Em função da pressão da sociedade e da globalização da economia, a cidadania pelas águas na região Nordeste torna-se parte importante da necessária e urgente mudança que deve se processar na cultura organizacional do Estado, da sociedade e das empresas em geral.
Tal mudança é importante também para o desenvolvimento de novos valores que ajudem indivíduos e organizações públicas e privadas a enfrentar as realidades sociais, ambientais e de desenvolvimento que se encontram em rápida transformação. A partir daí, fica mais viável desenvolver uma convivência normal criativa com a seca, de estilo mais estrutural, geradora de iniciativas que potenciem hábitos coletivos de captação e uso mais eficiente da água disponível, de programar ações preventivas para tempos mais duros.
No longo prazo, dever-se-ia priorizar as ações propostas no capítulo 18 da Agenda 21 – Rio 92 e, no curto prazo, alguns passos relevantes:
- No plano do Governo: realizar ações bem planejadas e destituídas de clientelismo, motivando a participação da sociedade organizada. As ações devem ser proativas – antecipando-se à existência do problema e procurando evitá-lo ou neutralizá-lo – e não simplesmente reativas – que ocorrem apenas depois que se verifica a existência do problema e de seus efeitos.
- No nível da população: promover o permanente desenvolvimento do capital humano e trabalhar ativamente com a sociedade organizada, reconhecendo nela o seu interlocutor necessário para enfrentamento da crise da água em benefício dos interesses gerais.
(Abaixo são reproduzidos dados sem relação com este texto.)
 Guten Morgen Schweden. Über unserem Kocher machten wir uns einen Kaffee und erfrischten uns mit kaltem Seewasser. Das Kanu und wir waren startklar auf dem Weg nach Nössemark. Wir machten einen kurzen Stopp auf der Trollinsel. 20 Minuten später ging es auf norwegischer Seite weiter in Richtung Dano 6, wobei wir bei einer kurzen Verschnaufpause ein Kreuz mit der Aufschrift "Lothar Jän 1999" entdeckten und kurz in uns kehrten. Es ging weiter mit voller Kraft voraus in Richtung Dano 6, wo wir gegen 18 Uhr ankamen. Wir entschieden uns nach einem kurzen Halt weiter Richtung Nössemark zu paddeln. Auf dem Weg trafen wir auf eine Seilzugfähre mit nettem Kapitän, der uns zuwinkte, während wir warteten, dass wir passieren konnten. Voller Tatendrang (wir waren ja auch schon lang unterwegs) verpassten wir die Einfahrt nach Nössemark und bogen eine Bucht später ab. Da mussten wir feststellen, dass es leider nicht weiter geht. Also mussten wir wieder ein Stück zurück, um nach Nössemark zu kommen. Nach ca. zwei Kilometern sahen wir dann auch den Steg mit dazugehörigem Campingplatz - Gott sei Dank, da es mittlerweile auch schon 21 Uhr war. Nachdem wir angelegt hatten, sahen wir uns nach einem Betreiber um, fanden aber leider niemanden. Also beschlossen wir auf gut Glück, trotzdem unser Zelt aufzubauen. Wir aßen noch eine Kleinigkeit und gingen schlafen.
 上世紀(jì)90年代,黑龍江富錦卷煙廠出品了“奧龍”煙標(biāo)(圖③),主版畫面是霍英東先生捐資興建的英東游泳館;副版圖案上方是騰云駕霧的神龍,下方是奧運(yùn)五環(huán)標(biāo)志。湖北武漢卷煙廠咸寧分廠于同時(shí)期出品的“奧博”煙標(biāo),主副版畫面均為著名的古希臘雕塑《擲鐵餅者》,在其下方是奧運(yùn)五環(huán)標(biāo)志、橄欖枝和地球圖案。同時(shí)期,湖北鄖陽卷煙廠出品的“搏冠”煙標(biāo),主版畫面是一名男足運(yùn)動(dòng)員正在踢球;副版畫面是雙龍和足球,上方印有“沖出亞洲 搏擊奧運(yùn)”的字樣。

- No plano do serviço público: organizar a articulação das ações, para que a cidadania pelas águas se efetue sem superposição e sem conflitos de orientação, estabelecendo a noção democrática de disponibilidade à população que mantém lhe dá legitimidade.
A sociedade precisa ser estimulada para apoiar essas ações, e conhecer quais são as suas prioridades e como elas se inserem num plano de conjunto que se desdobra ao longo do tempo. Só assim poderemos ter a cidadania pelas águas, que é o oposto da manipulação.